Liniensatz der Postkartenrückseite


Postkartenrück komplett mit Legende – gesetzt von Peter T.

Vorderseite Text – gesetzt von JvdL

Schrägsatz und geplante Position der Beinchen, Pantoffeln noch in falscher Schrift

Schrägsatz mit den richtigen Pantoffeln und der Begradigung eines Beinchens.

Vorderseite komplett, mit Papier stabilisiert und ausgebunden, das ist Sicherung durch Kolumnenschnur


Vorder- und Rückseite in einer Form, zugegeben zusammengefrickelt, aber Bleisatzmaterial ist immer rechtwinklig, so dass Schrägsatz nur durch Notbehelfe zu realisieren ist.

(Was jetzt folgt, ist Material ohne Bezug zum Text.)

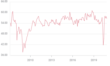 Since the recovery began in earnest in June economists have had difficulty judging the the amount of new business being generated. The manufacturing index has averaged 63.1 from June and has beaten its consensus estimate by an average of 14.8 points each month.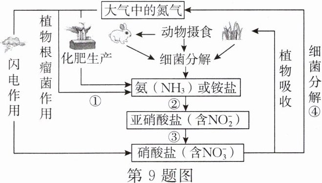 9. 氮是自然界各种生物体完成生命活动时不可缺少的重要元素,自然界中氮的循环如图所示。

Satzform in der Abzugspresse

1. Korrekturabzug der Postkarte zum Umschlagen, Vorder- und Rückseite werden gleichzeitig gedruckt


Abzug in Originalgröße, die schmutzenden Stellen sind entstanden, weil die Farbe noch nicht trocken war.


Ich bin erschöpft vom langen Stehen und überhaupt von der ungewohnten körperlichen Anstrengung, bedanke und verabschiede mich. Die kleine Auflage werden wir am kommenden Mittwoch drucken.